The story is quite different for steelhead without the adipose. All the fish reared in a hatchery are released at the same time. So there is only one smolt age. And, most adults return at similar ages, usually after one or two years in the ocean.
By my count that is one adipose fin and two dozen options relative to a handful of life histories and no adipose fin for the hatchery fish.
Of course, it isn’t really about the adipose fin. It’s about their environment and genetics. Wild steelhead rear and spawn in highly variable environments differing in everything from water temperature to geology. For a fish to persist it must adapt to those local conditions and because the conditions vary, so do the solutions for the fish (e.g., their life histories).
The diversity in Asotin Creek steelhead perpetuates their ability to survive in an otherwise very difficult situation. The adults and juveniles must pass through eight dams in the main-stem Snake and Columbia Rivers. While the population has struggled in recent years along with other salmon and steelhead in the Snake River basin, it has not blinked out. It is not near extinction. And like the Toutle River, that should not surprise us.
In fact, Asotin Creek steelhead provides hope. Scientists working in the watershed are collecting long-term data on adult and juvenile abundance and diversity. Those types of data sets are rare. Kudos to all that have worked so hard to make that data set a reality. Many of us at Wild Steelheaders United have spent time in the field for various purposes, so we know the level of commitment that it takes to collect such data.

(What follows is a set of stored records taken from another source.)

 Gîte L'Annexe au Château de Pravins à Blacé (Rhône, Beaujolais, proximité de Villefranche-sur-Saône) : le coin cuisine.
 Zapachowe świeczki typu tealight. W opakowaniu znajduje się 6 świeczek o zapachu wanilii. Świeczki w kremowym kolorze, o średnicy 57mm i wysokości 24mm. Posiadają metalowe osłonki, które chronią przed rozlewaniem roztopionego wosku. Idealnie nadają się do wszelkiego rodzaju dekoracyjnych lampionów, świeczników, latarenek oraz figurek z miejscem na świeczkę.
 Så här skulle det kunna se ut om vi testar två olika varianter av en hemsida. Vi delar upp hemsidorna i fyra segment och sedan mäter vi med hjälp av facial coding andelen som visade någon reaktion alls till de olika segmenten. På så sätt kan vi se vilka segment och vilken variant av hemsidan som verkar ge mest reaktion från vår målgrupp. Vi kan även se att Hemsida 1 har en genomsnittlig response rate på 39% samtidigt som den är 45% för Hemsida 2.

They are also experimenting with different habitat restoration actions. This information will be invaluable to better understanding how fish respond to climate change and other changes in our environment. As importantly, it underscores the extent of diversity in wild steelhead, and highlights the need to conserve this diversity as a means of conserving the species and the fisheries steelhead provide.

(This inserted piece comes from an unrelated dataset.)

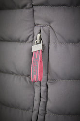 Die Weste ist mit einer weichen Steppung ausgestattet, die wärmt, aber nicht aufträgt. So kann die Weste im Zwiebel-Look über kurzärmeligen oder langärmeligen Trainingsshirts getragen werden. Der moderne Trichterkragen und die taillierte Passform geben der Reitweste ein dezentes und elegantes Äußeres. Der praktische Zwei-Wege-Frontreißverschluss bietet dir im Sattel die nötige Flexibilität, um die Weste auf deine Bedürfnisse als Reiter einzustellen. Die Seitentaschen sind mit einem Reißverschluss ausgeführt, damit Handy, Reithandschuhe etc. auch bei einem flotten Galopp nicht aus der Tasche fallen und sicher aufgehoben sind. Die Reißverschlussschieber ist an den Seitentaschen sowie am Frontreißverschluss der Weste mit verspielten Details in watermelon bzw. pink versehen.
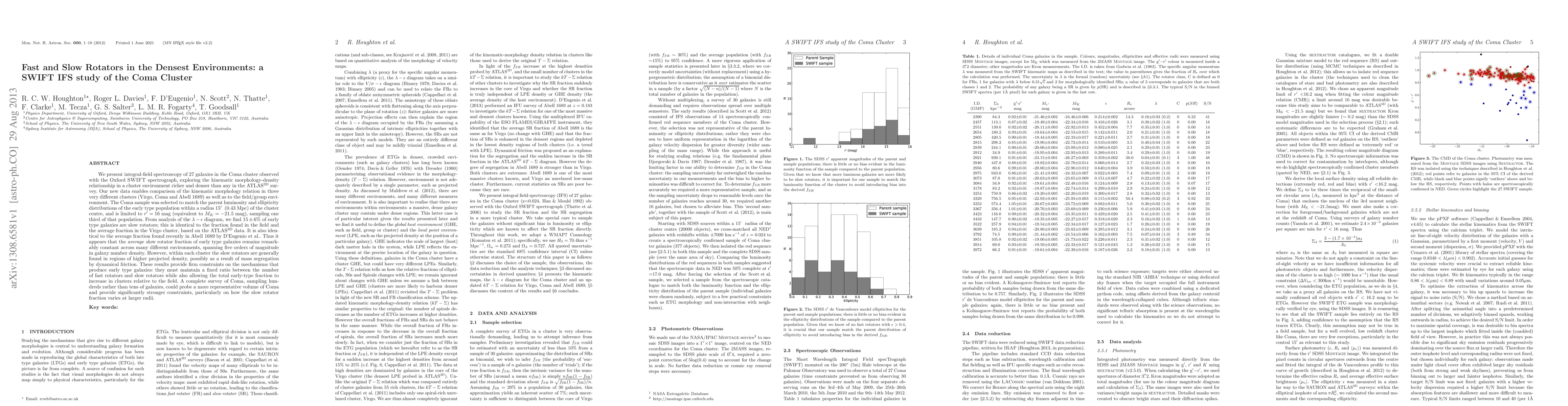 We present integral-field spectroscopy of 27 galaxies in the Coma cluster observed with the Oxford SWIFT spectrograph, exploring the kinematic morphology-density relationship in a cluster environment richer and denser than any in the ATLAS3D survey. Our new data enables comparison of the kinematic morphology relation in three very different clusters (Virgo, Coma and Abell 1689) as well as to the field/group environment. The Coma sample was selected to match the parent luminosity and ellipticity distributions of the early-type population within a radius 15' (0.43 Mpc) of the cluster centre, and is limited to r' = 16 mag (equivalent to M_K = -21.5 mag), sampling one third of that population. From analysis of the lambda-ellipticity diagram, we find 15+-6% of early-type galaxies are slow rotators; this is identical to the fraction found in the field and the average fraction in the Virgo cluster, based on the ATLAS3D data. It is also identical to the average fraction found recently in Abell 1689 by D'Eugenio et al.. Thus it appears that the average slow rotator fraction of early type galaxies remains remarkably constant across many different environments, spanning five orders of magnitude in galaxy number density. However, within each cluster the slow rotators are generally found in regions of higher projected density, possibly as a result of mass segregation by dynamical friction. These results provide firm constraints on the mechanisms that produce early-type galaxies: they must maintain a fixed ratio between the number of fast rotators and slow rotators while also allowing the total early-type fraction to increase in clusters relative to the field. A complete survey of Coma, sampling hundreds rather than tens of galaxies, could probe a more representative volume of Coma and provide significantly stronger constraints, particularly on how the slow rotator fraction varies at larger radii.

At the end of the day, we love wild steelhead not because they have an adipose fin. We love them because they are so diverse and resilient. We love them because that diversity generally conveys longer fishing seasons than for other species. And because we never know whether it will be an 18-inch or 30-pound fish on the end of our line.
Simply, we love steelhead.
Eric Crawford is the north Idaho field coordinator for TU’s Sportsmen’s Conservation Project.